A total of 68 % of patients with VAD were treated in a university hospital, while the rate was 52 % for head and neck trauma patients without VAD (p = 0.003) (Table 1). The rate of in-hospital stroke was significantly higher in patients with VAD with 5 % of these patients experiencing stroke during hospital stay in comparison to 0.2 % of patients without VAD. Five patients had simultaneous carotid artery and VAD. None of the stroke events occurred in patients with concurrent carotid artery dissection. A total of 14 patients with VAD (17 %) had nosocomial pneumonia during hospital stay, which was significantly higher than the 3 % rate in patients without VAD (p < 0.0001). The mean hospital length of stay was 4 times higher in patients with VAD (22 vs. 5 days; p < 0.0001) (Table 1). The mean ICU days and ventilator days in patients with VAD were 7 and 8 days longer, respectively (p < 0.0001). The rate of in-hospital mortality was two-fold higher in patients with VAD, although the difference was not statistically significant (p = 0.07). The rate of discharge to home was significantly lower in patients with VAD (48 vs. 61 %, p = 0.015) and the rate of discharge to nursing facility was more than twice as high in these patients in comparison to patients without VAD (40 vs. 18 %, p < 0.0001).

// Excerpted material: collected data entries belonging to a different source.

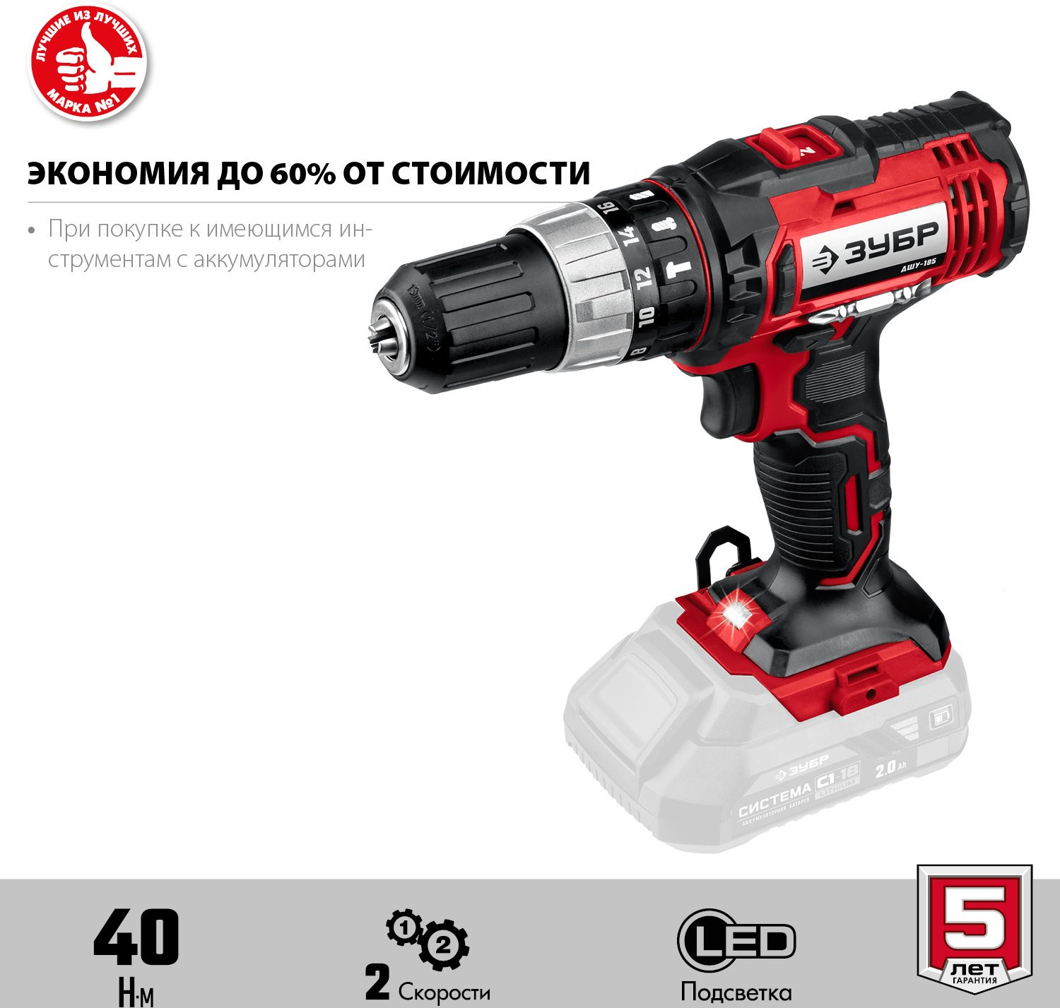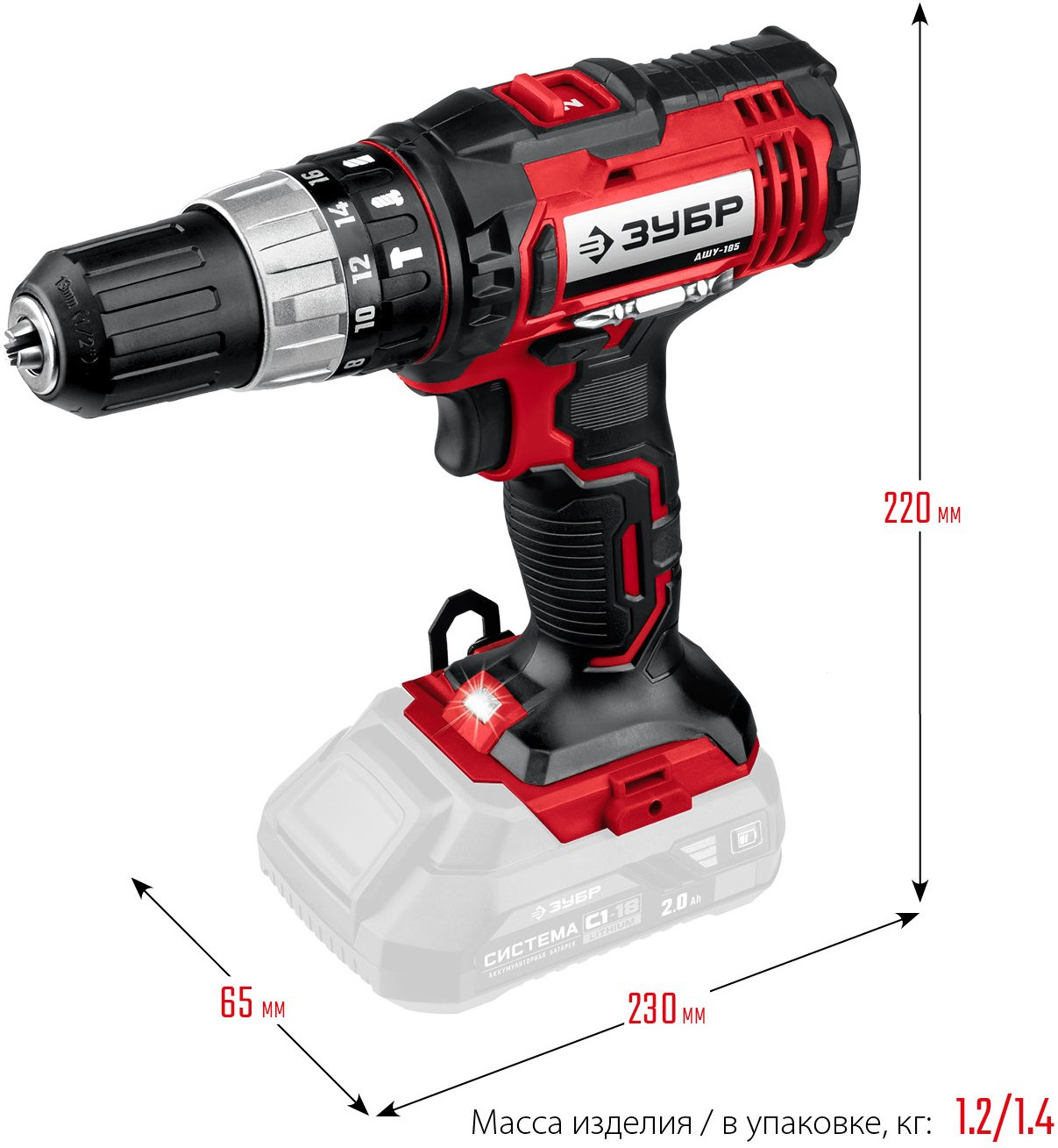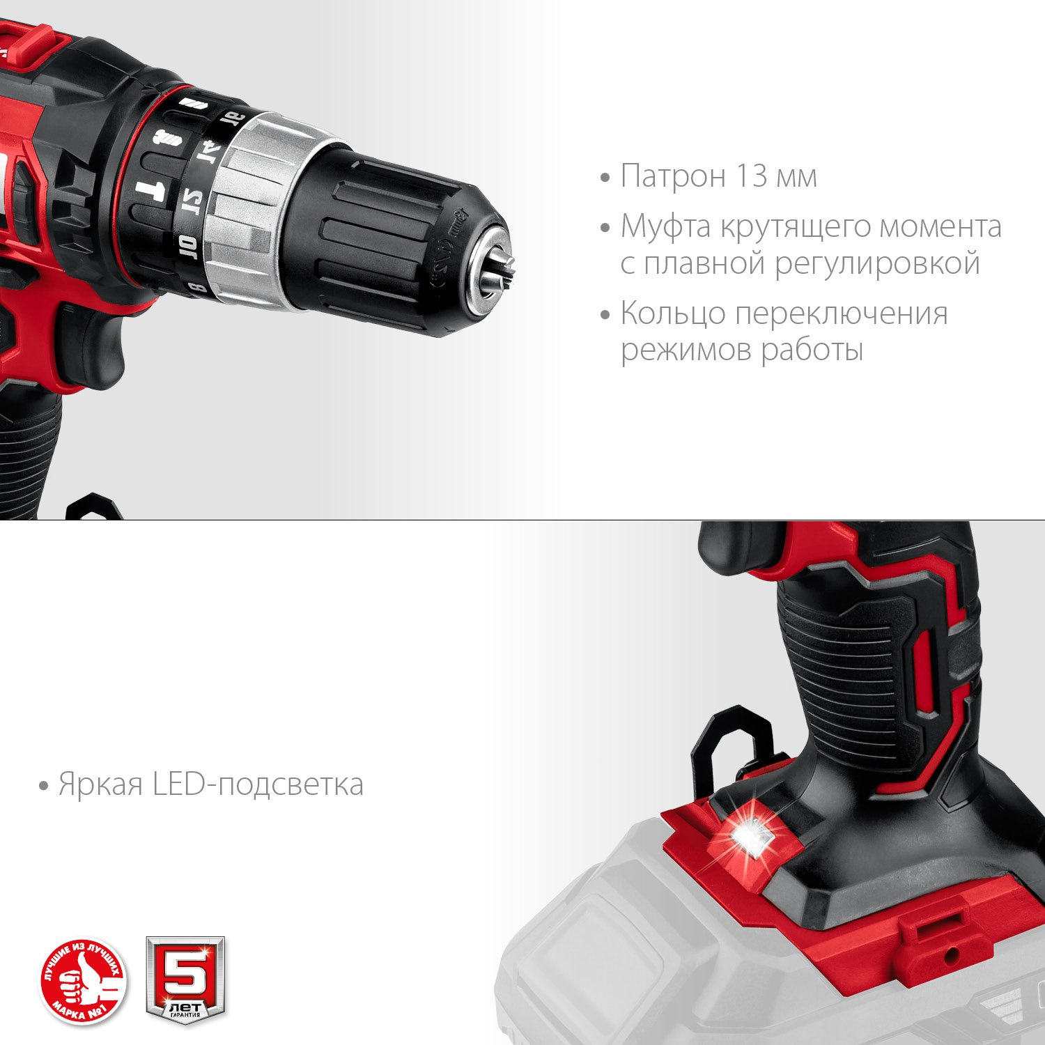 Ударная дрель-шуруповерт, бита 50 мм. (PH, PZ), скоба поясная, руководство по эксплуатации.
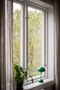 Sovrummet nås i direkt anslutning till vardagsrummet och rymmer enkelt en dubbelsäng. Fönstret släpper in ett härligt ljus och bjuder på fågelsång som sällskap. Även här är väggarna målade i samma nyans som vardagsrummet, vilket genomgår hela lägenheten och taket pryds av ytterligare en vacker rosett.
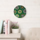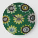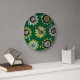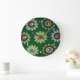 O padrão de margarida afghan. O fundo é verde com flores em amarelos, castanhos, bronzeados, cinzas e verdes. Numerais são brancos.
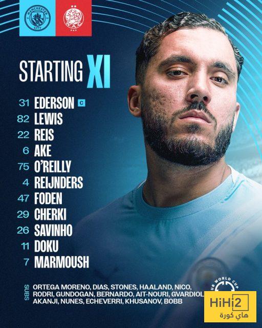 إليكم تشكيلة مانشستر سيتي الرسمية للقاء الوداد المغربي في كأس العالم للأندية:
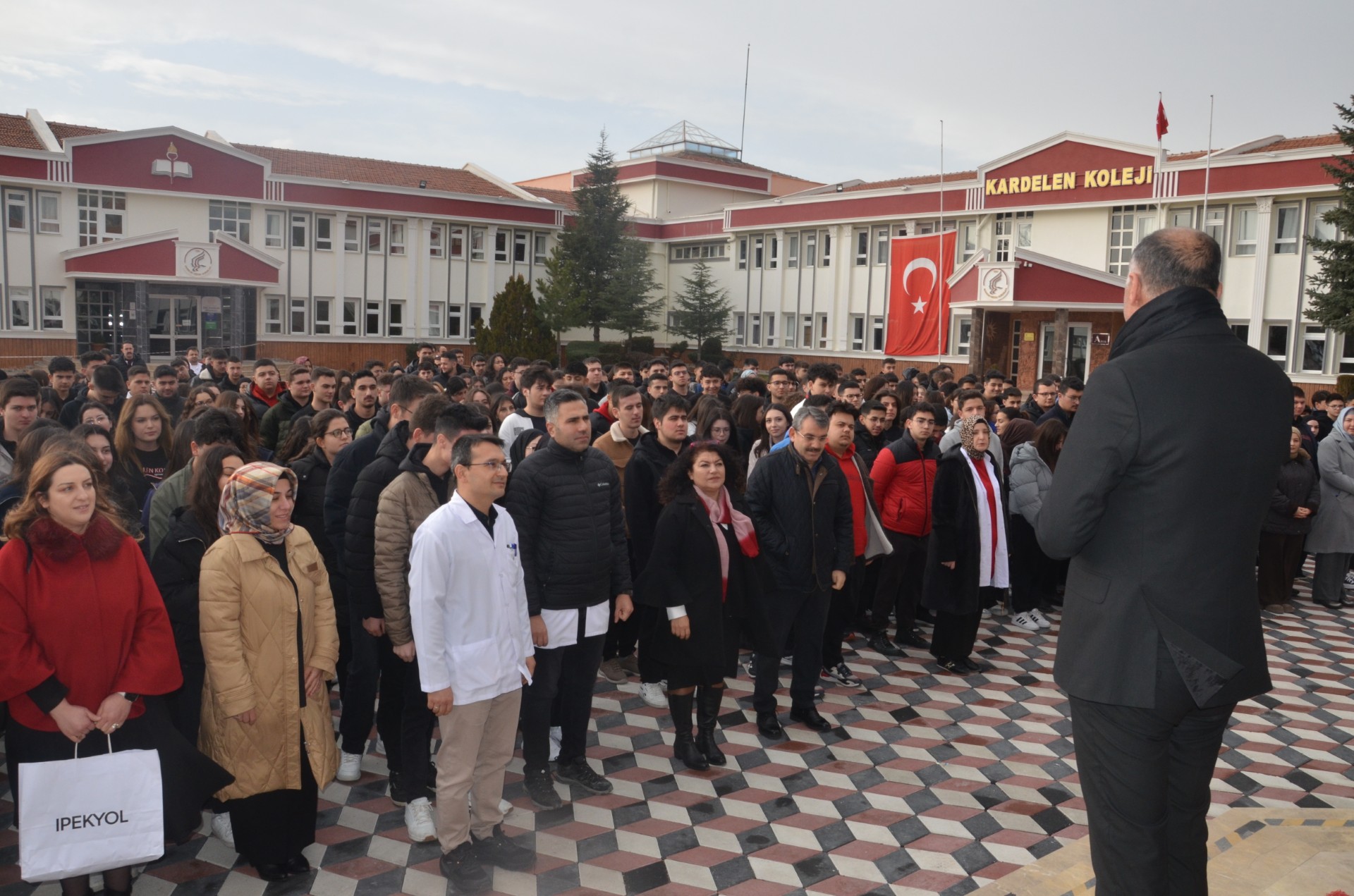 Törenin ardından geçtiğimiz günlerde bayrağımıza yapılan çirkin saldırı nedeniyle öğrenciler hep birlikte “Bayrak” şiirini okudu.

Table 1 Baseline demographic and clinical characteristics, and hospital outcome of TBI and head and neck injury patients with and without vertebral artery dissection

The hospital length of stay remained significantly higher for patients with VAD after adjusting for age, gender, admission GCS score, and ISS [(OR: 6.7; 95 % CI 4.6–9.6); p < 0.0001]. The ICU days (OR: 3.8; 95 % CI 2.5–5.7) and the ventilator days (OR: 2.9; 95 % CI 1.7–5.0) remained significantly higher in patients with VAD after adjusting for age, gender, admission GCS score, and ISS. The odds of discharge to nursing facility remained significantly higher for patients with VAD after adjusting for age, gender, admission GCS score, and ISS (OR: 2.2; 95 % CI 1.4–3.5) (Table 2).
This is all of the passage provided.